We reverse and remand.
Aurelius Allen was incarcerated in the Lake County Jail on February 16, 1984, awaiting trial. Jail personnel, acting pursuant to what turned out to be an erroneous order, transferred Allen to the Westville Correctional Center. When the error was discovered and Allen was returned to the Lake County Jail, he was told by Jail personnel that all his personal property (including some gold jewelry) had been thrown away.
On February 16, that same day, Jail officials investigated and prepared a report concerning the loss. The report set forth the facts in detail, including the time, date, and place of the incident, how the loss occurred, and the names of all persons involved (including the inmate-trustee who mistakenly threw away the property, an investigating officer, and the shift commander). The report also listed the address of the Lake County Jail, which was then Allen's address. The report noted that the shift commander called the company that had picked up the Jail's trash and was told that it would be impossible to retrieve the property. Attached to the report was a list of items Allen claimed were missing.
*414 Allen alleges he was informed by a Lieutenant Miller, an agent for the Lake County Jail, that Allen would be reimbursed for his loss after a report was made to the Jail's insurance company. Allen specifically alleges that Lieutenant Miller promised Allen, in the presence of Allen's family and friends, that he "would see to it that [Allen] received his money for the loss of his property." Allen says he "took the defendant's agent for his word and proceeded to wait for the agent to fulfill his promise."
In the next few months, Allen inquired about the status of his claim by writing several letters to Lieutenant Miller. Lieutenant Miller never responded.
On January 24, 1985, approximately eleven months after his property was lost, Allen sent copies of his Indiana Tort Claims Act notice by certified mail to the Sheriff of the Lake County Jail, Lieutenant Miller of the Lake County Jail, and Mark Psimos, Assistant State's Attorney for Lake County. Then, on April 16, 1985, Allen filed a Notice of Claim against the Jail in Lake County Court.
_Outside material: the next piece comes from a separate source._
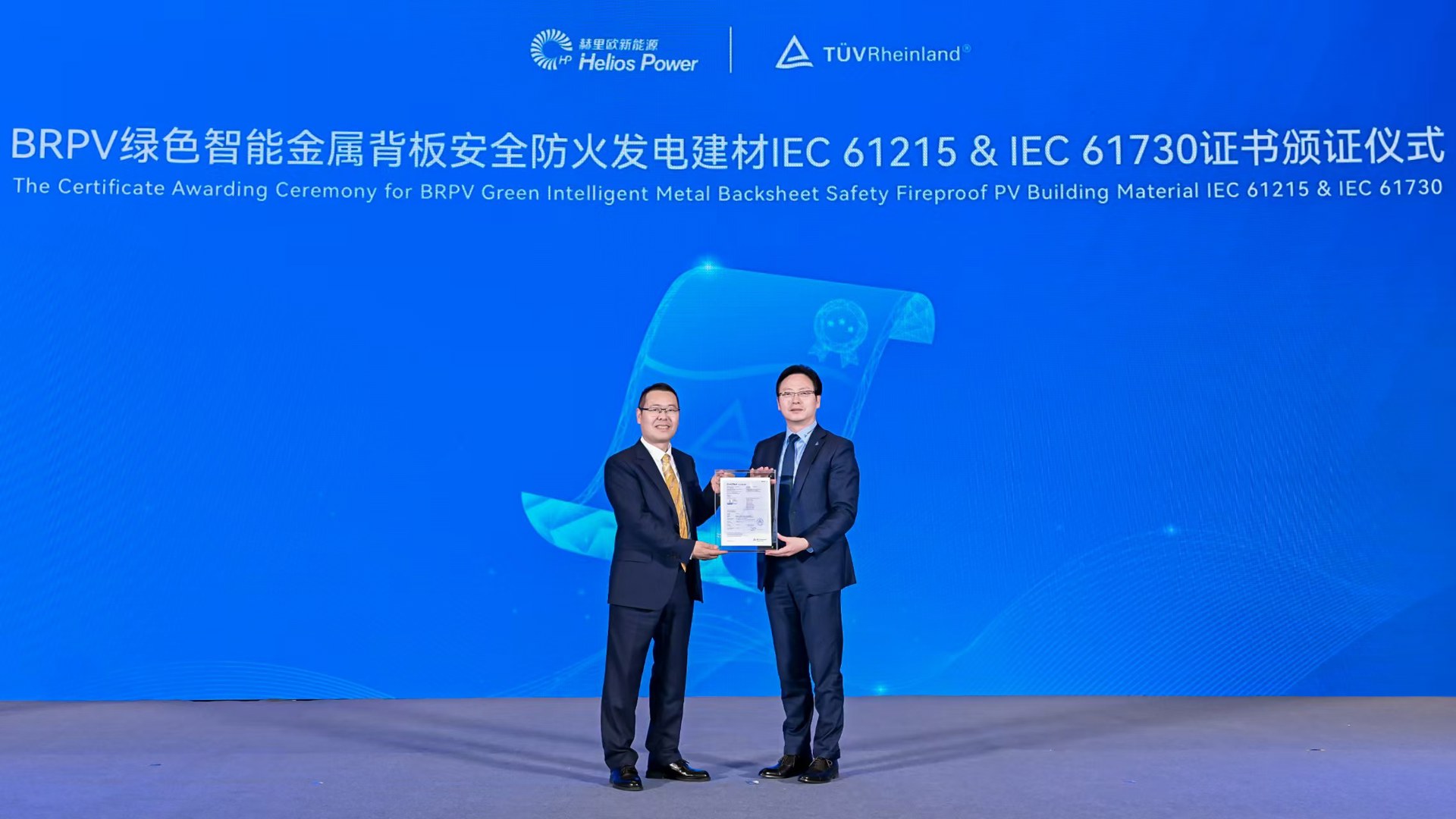 “颁证仪式”环节,赫里欧总经理崔永祥代表公司正式接受由德国莱茵TÜV大中华区总裁李卫春先生颁发的两项国际权威认证证书《BRPV绿色智能金属背板安全防火发电建材IEC61215 & IEC61730证书》。

The Jail moved for summary judgment, arguing that Allen failed to comply with the notice provisions of the ITCA. Allen asserted that summary judgment was improper for two reasons. First, he argued that he substantially complied with the ITCA. Second, he argued that the Jail was estopped, by the investigation, statements, and promises of its agents, to assert Allen's non-compliance with the notice requirements.
The standard of review of a summary judgment is well known: summary judgment is appropriate only when the pleadings, products of discovery, affidavits, and testimony, if any, show there is no genuine issue of material fact, and the moving party is entitled to judgment as a matter of law. Creighton v. Caylor-Nickel Hosp., Inc. (1985), Ind. App., 484 N.E.2d 1303, 1305-06. We must liberally construe all evidence in favor of Allen, the non-moving party, and resolve any doubts as to the existence of a genuine issue against the Jail, the proponent of the motion. Kahf v. Charleston South Apartments (1984), Ind. App., 461 N.E.2d 723, 729.
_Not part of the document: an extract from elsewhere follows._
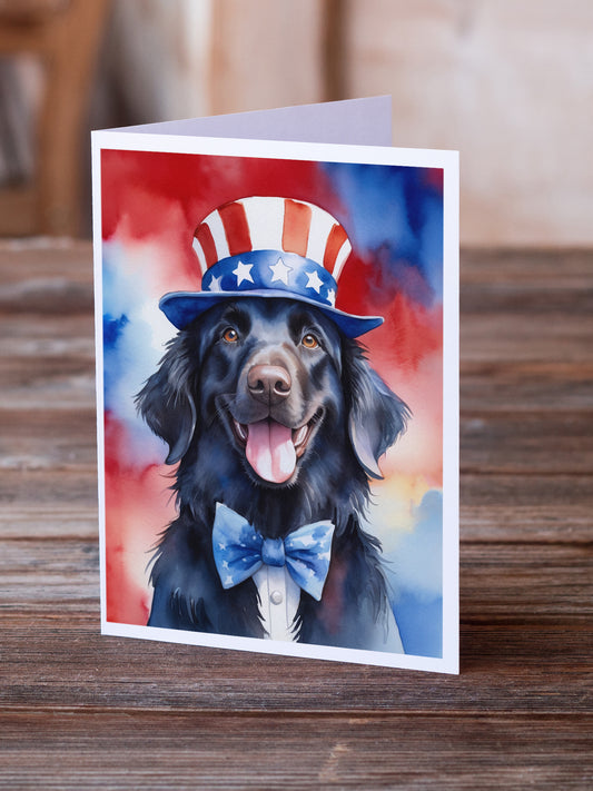 Flat-Coated Retriever Patriotic American Greeting Cards Pack of 8

Even if the trial court believes the non-movant will be unsuccessful at trial, where material facts conflict or conflicting inferences are possible from undisputed facts, summary judgment should not be granted. Grimm v. Borkholder (1983), Ind. App., 454 N.E.2d 84, 86.
The relevant portions of the ITCA, Ind. Code 34-4-16.5-7, provided at all times relevant to this case[2] as follows:
Except as provided in section 8 of this chapter [which creates exceptions for incompetents] a claim against a political subdivision is barred unless notice is filed with the governing body of that political subdivision within one hundred eighty (180) days after the loss occurs.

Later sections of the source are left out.